Kaz is so busy stewing over being rich and popular and impeccably dressed that he barely acknowledges that he has demon-vanquishing powers. Like its lead, Neo Yokio doesn’t take its supernatural elements seriously. We don’t see Kaz express anything but apathy for his abilities, and the surrounding characters are either unfazed or dismissive of them. Kaz’s rival Arcangelo describes the “magistocracy” that Kaz’s family belongs to as being “neo riche” – clearly not a good thing – but it’s never explained why. The show offers almost nothing in terms of lore, no explanations about the mechanics of this bizarre universe. For a show that at the very least dabbles in the supernatural, it’s a critical failure.

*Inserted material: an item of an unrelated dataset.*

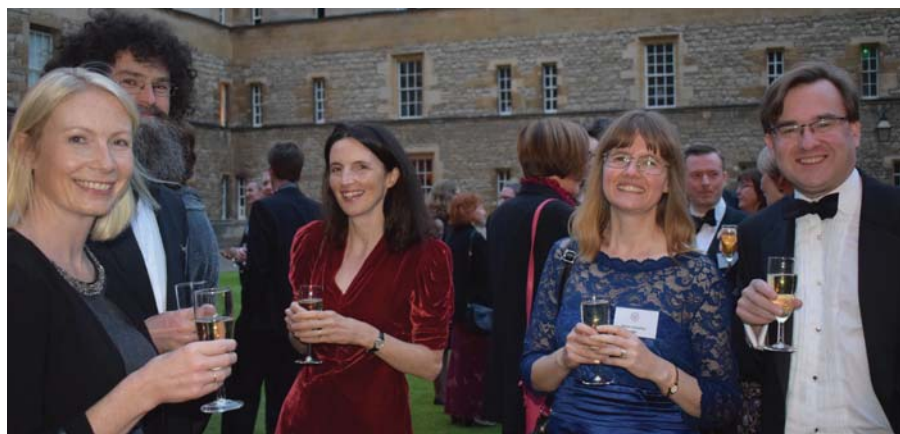
ABOVE AND LEFT : 24 SEPTEMBER 2016

Neo Yokio is a series of squandered potential. It thoroughly wastes a talent cast (Jude Law and Susan Sarandon are decent, Jaden is abysmal), decent production values, and an interesting idea on pseudo philosophy and youthful ambivalence that reeks of pretentiousness. In other words, this show is a full-scale production of the most annoying aspects of Jaden Smith’s public persona. You’re better off going to his Twitter for free and immersing yourself in the wealthy teenage nihilism. The only things of value you’ll get from Neo Yokio are the wise words of Karl Lagerfeld and maybe an essay on the importance of cable-knit sweaters.